In 2010 one of my Shepherd fosters actually alerted on an adopters son before he had a seizure.This dog was always very calm,but became very unsettled and actually started pacing around the little boy.The parents or I didn't think it would work out,but realized that the behavior was due to her son having Epilepsy. I thought this was a lucky coincidence and didn't think anything of it,but the family wanted to adopt the dog as a seizure dog for their son. After mulling it over for a while,I decided to her in for an evaluation and possible training. 

I actually ran into the family at Walmart and could tell that I made the right choice by allowing them to adopt her. She is the little boy's service dog now, and according to the family has alerted every time her son was about to have a seizure.


I don't usually tell other adopters about these two dogs because they automatically start looking for that,even if they don't need it.

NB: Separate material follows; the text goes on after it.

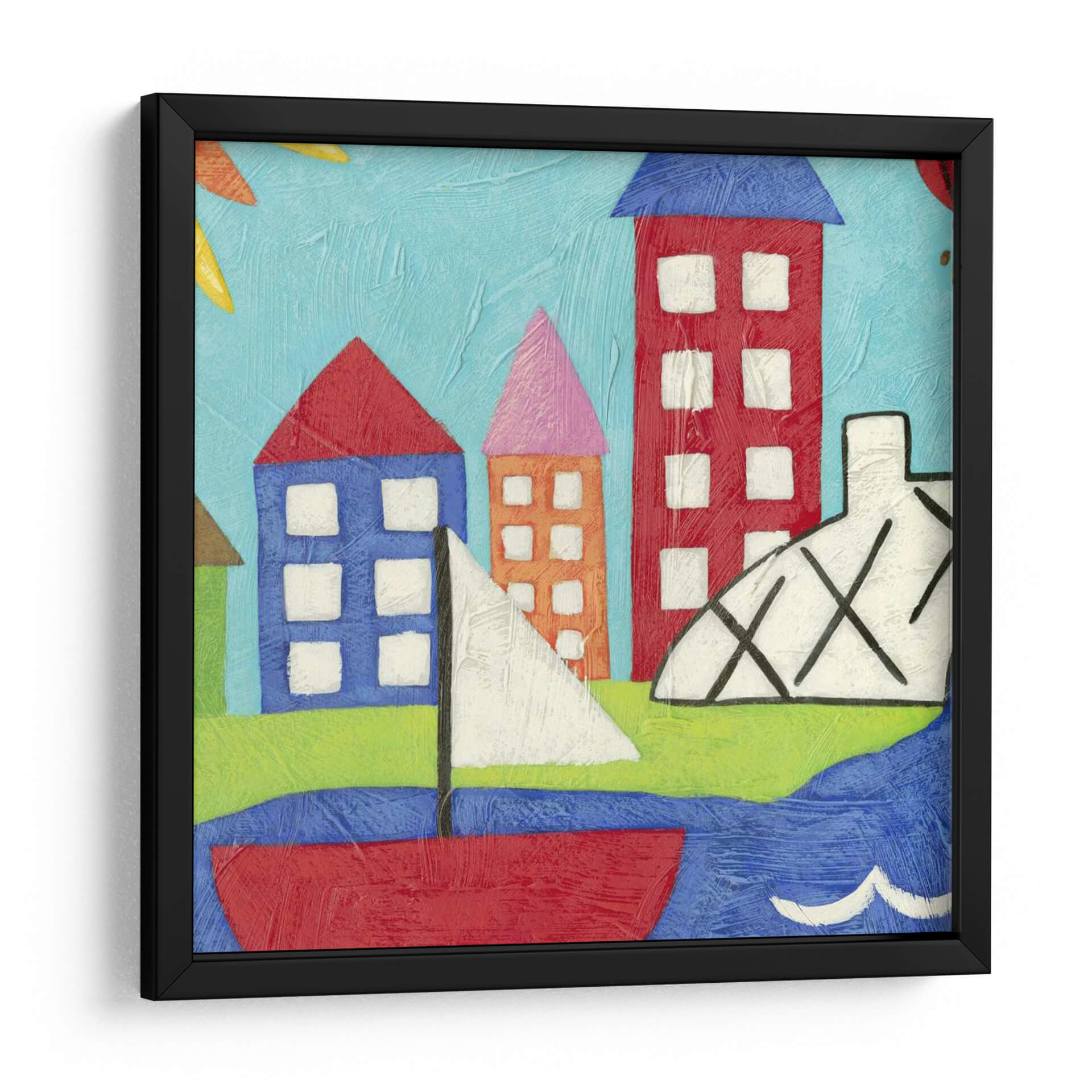 Sumérgete en la vibrante y alegre escena costera de 'Lejos Y Lejos', una obra de arte original del artista Chariklia Zarris. Este cuadro decorativo captura la esencia de un día soleado en un puerto pintoresco, con casas coloridas de tejados rojos, azules y rosados, junto a un mástil de barco blanco y un casco rojo que navegan por aguas azules y serenas. El cielo, de un azul vibrante salpicado de soles amarillos, evoca una sensación de calidez y optimismo. La textura visible de la pintura añade una dimensión táctil a la pieza, invitando al espectador a perderse en sus detalles. El estilo ingenuo y audaz de Zarris, con sus formas simplificadas y colores primarios contrastantes, crea una atmósfera lúdica y nostálgica. Es el detalle perfecto para añadir un toque de color y personalidad a cualquier habitación, desde una sala de estar moderna hasta un dormitorio infantil. Este cuadro decorativo es ideal para aquellos que buscan una pieza que irradie felicidad y transporte a un estado de paz vacacional. Añade un toque de encanto artístico y vitalidad a tu hogar con esta encantadora representación de un mundo de ensueño.

So to answer the question, I would make an exception if I was sure I had a great match,and also be a companion not just a tool.


----------



## Lauri & The Gang (Jun 28, 2001)

Magwart said:


> I had no idea people who work dogs are so prone to discarding them. Yikes. Thanks for posting.


People who adopt dogs are just as prone to discard.

Getting it right is all in the interview, evaluation process.


----------



## ILGHAUS (Nov 25, 2002)

When an individual picks out a candidate to raise or train, the odds of a rescue dog becoming a working Assistance Dog are higher for those used as Hearing Dogs or In-Home Service Dog. 

Part of the interview process of adopting out a dog when there is a specific use in mind for any dog should be added questions.
* Do you have a plan if this dog does not meet your desired job requirements?
* Will you keep this dog as a pet or will you need to find another home for it?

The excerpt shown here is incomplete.